= Gilbert Fraser =

Australian politician

Gilbert Fraser (22 July 1894 – 1 November 1958) was an Australian politician, postmaster and World War II telegraphist. He was a Labor Party member in the Western Australian Legislative Council from 1928 to 1958, representing West Province. He served as Chief Secretary and Minister for Local Government and Town Planning from 1953 to 1958, and was Leader of the Government in the Legislative Council from 1955 to 1958.

== Personal life ==
Gilbert Fraser was born on 22 July 1894 in Bunbury, Western Australia. His parents were Edmund Fraser, a contractor, and Ellen Maud Walsh, both born and raised in Victoria. He was Catholic. His father died in Geraldton, Western Australia on 14 August 1895 and his mother then moved the family to Victoria to be close to family support, Fraser was educated at Marist Brothers College, Bendigo. Fraser returned to Western Australia in 1910.

Fraser married Mary Alice Williams on 7 October 1914 at St Anne's Church, Fremantle. They had three sons and one daughter. In 1915 he was living in North Fremantle.

Fraser was a president of the North Fremantle Football Club, from 1932 to 1958 less 5 years during World War Two). The home ground for the football club was named Gilbert Fraser Reserve and Grandstand in his honour.

In 1957 he was affected by throat cancer. Fraser died on 1 November 1958 at Fremantle Hospital in Western Australia.

== Career ==
Fraser joined the Postmaster-General's Department in Eaglehawk, Victoria in 1909. In 1915 he was a letter carrier stationed with Postmaster-General at Fremantle, and continued to work there until 1928.

Fraser was the Labor candidate elected to the Western Australian Legislative Council for the West Province, from 22 May 1928 to 1 November 1958. At this time, at 33 years of age, he was the youngest member to enter any legislative assembly in Australia. He was deputy chairman of committees from 1936 to 1952. He was a member of the Royal Commission inquiring into the Electoral Act 1935, and Royal Commission inquiring into the Companies Bill in 1941.

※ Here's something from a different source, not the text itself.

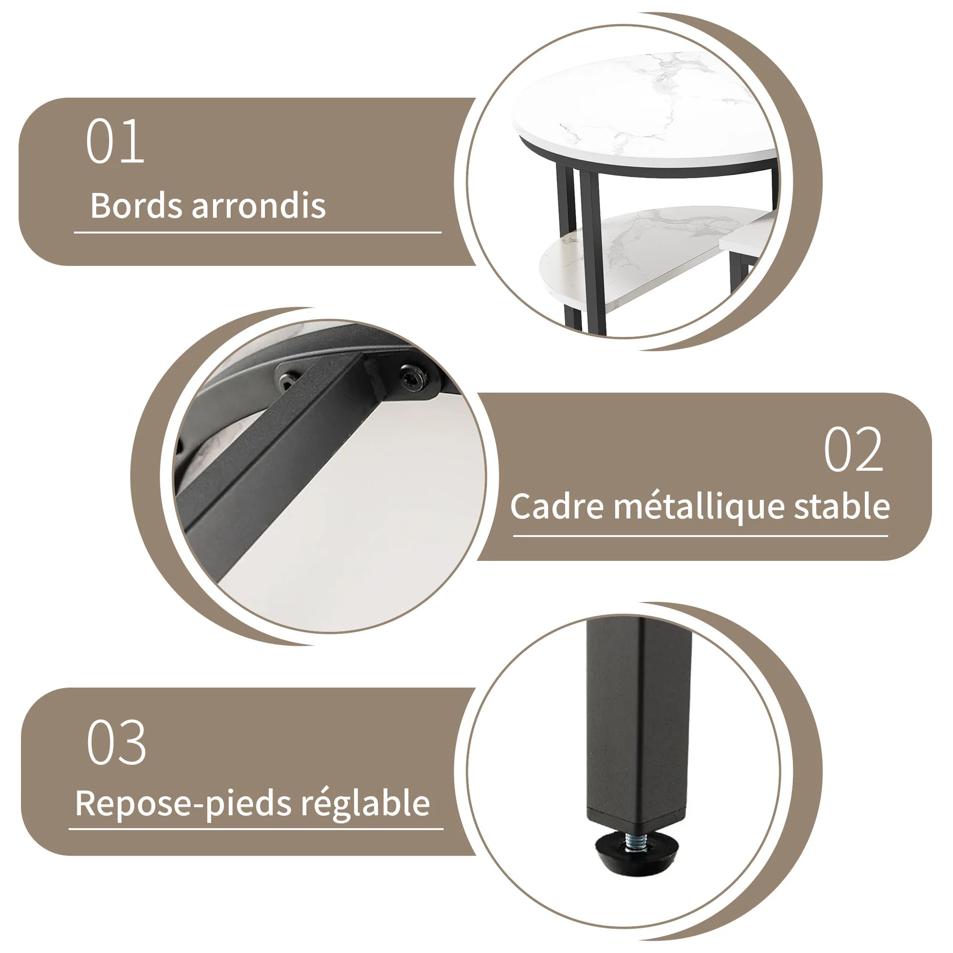 Les plateaux en MDF effet marbre sont prévus pour un usage régulier et se nettoient facilement avec un chiffon doux. La structure en métal noir assure une bonne stabilité et une tenue durable. Les finitions soignées mettent en valeur votre tapis, votre canapé et vos objets décoratifs.

From 1941 to 1945 Fraser was a telegraphist for the Royal Australian Air Force during World War II.

In 1950 Fraser represented the Western Australia branch of the Commonwealth Parliamentary Association at the General Conference in Wellington, New Zealand. In 1951 to 1952 he was a member of the Royal Commission inquiring into the Town Planning and Development Act Amendment Bill. He was Chief Secretary, Minister for Local Government and Town Planning from 23 February 1953 to 1 November 1958, and Leader of the Government in the Legislative Council from 7 December 1955 to 1 November 1958. He was 'Father of the House,' as longest serving member in the house, from May 1954 to his death in November 1958. In 1957 he used an amplifier in Parliament due to throat cancer.